Kolejny twardy mecz rozegrały zespoły Zagłębia Sosnowiec i GKS-u Katowice, a emocji nie brakowało do samego końca. Wygrali obrońcy tytułu mistrzowskiego, bo duet Bartosz Fraszko - Grzegorz Pasiut stanął na wysokości zadania, choć wielu kibiców i nie tylko kierowało sporo gorzkich słów pod ich adresem.

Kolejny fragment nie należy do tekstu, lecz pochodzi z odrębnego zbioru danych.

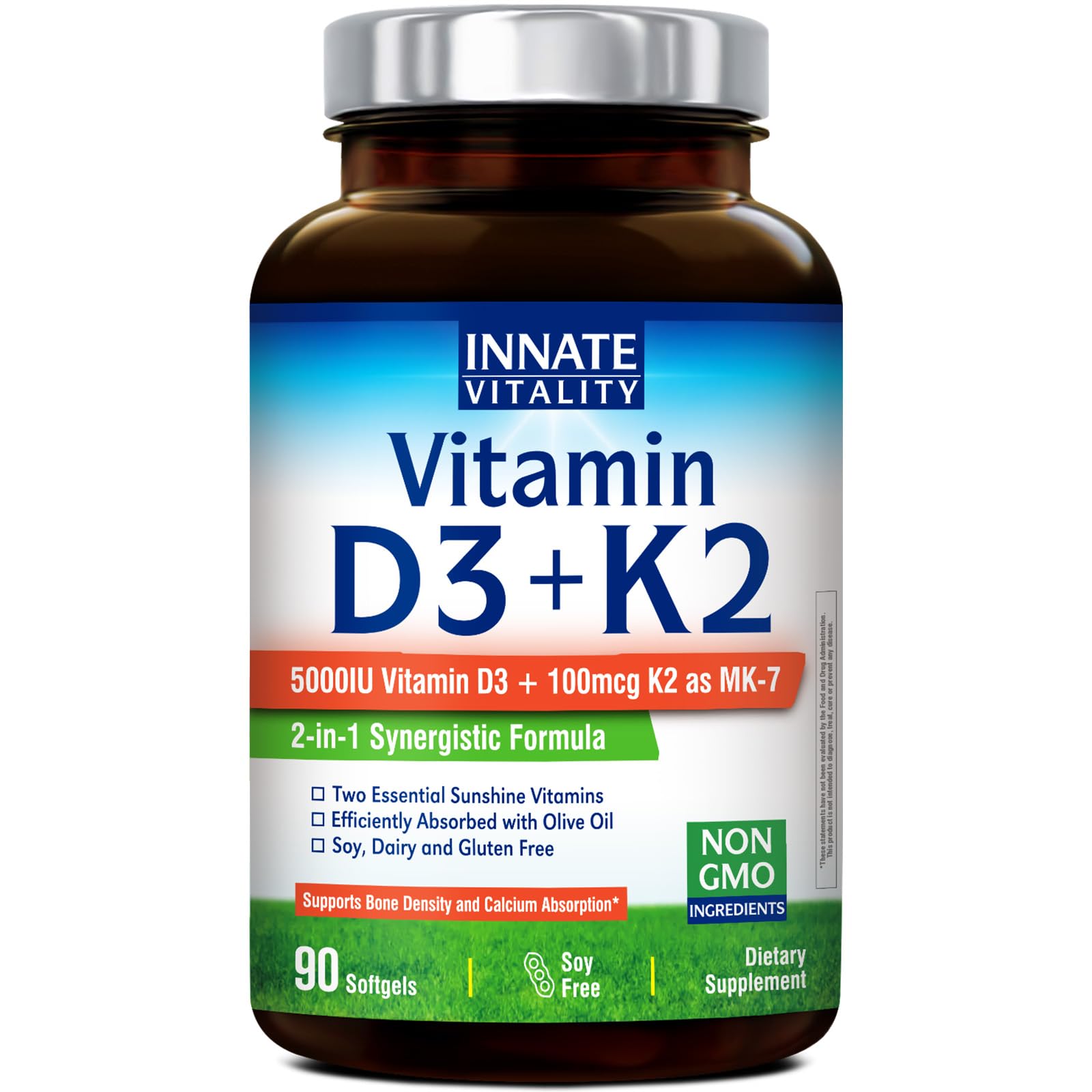 [Crafted for Superior Results] When it comes to your health and overall well-being, we don't take any chances. We strive to deliver premium products for you. From ingredient sourcing to product manufacturing, every step meets rigorous standards. [Natural Ingredients] Innate Vitality k2 d3 vitamin supplement is gluten-free, dairy-free, Non-GMO, with no corn, no eggs, no wheat, no tree nuts, no peanuts, no fish shellfish, no cholesterol, no artificial colors, flavors, binders or fillers. [Supports Bone, Immune Teeth Health ] Innate Vitality Vitamin D3 and K2 supplements promote calcium and phosphorus absorption to maintain strong bones and teeth. It also helps support immune function, heart health, and overall mood — keeping you active, balanced, and thriving every day. . [Enhanced Absorption with Cold-Pressed Olive Oil] Fat-soluble vitamins like vitamins D3 K2 pair best with fats for better absorption. We've added premium cold-pressed olive oil to maximize absorption and effectiveness. Each softgel ensures your body can fully utilize these essential micronutrients for optimal results. . [Sunshine Vitamin D3 Meets Superior K2] Innate Vitality use natural vitamin D3 5000 iu - the same form your body makes from sunlight - to deliver all the benefits of sunshine without UV exposure. Our vitamin K2 (as MK-7) is the most bioactive form, known for its excellent stability and long-lasting support for calcium utilization, bone growth, and heart health. .

Oba zespoły mają problemy z obrońcami. W Zagłębiu zabrakło kapitana Michała Kotlorza, który ma kłopoty z kolanem, i jego miejsce z konieczności musiał zająć doświadczony napastnik Tomasz Kozłowski, który radził sobie więcej niż dobrze. Natomiast GKS pojawił się na Stadionie Zimowym bez też kapitana, Macieja Kruczka (bark) oraz Santeriego Koponena (złamana żuchwa). To poważne osłabienie i trudno było wypełnić tę lukę. Obaj nie tylko dobrze wywiązywali się z zadań defensywnych, ale również są groźni w ofensywie. Hokeiści z Sosnowca po wygranej w Satelicie uwierzyli, że z silnym rywalem można walczyć i sprawić niespodziankę. Do meczu przystąpili bez żadnych kompleksów i już na początku 4 min świętowali gola. Roman Szturc wrzucił krążek pod bramkę, zaś John Murray ślamazarnie próbował interweniować i w rezultacie przejął „gumę” Damian Tyczyński. Środkowy napastnik 1. formacji z bliskiej odległości posłał go do siatki. A potem gospodarze nie tylko umiejętnie się bronili, ale również szukali kolejnych szans na zdobycie gola. Jedni i drudzy mieli okazję do zmiany rezultatu, ale nic z tego nie wyszło. Patrik Speszny świetnie interweniował i miał mocne wsparcie w kolegach.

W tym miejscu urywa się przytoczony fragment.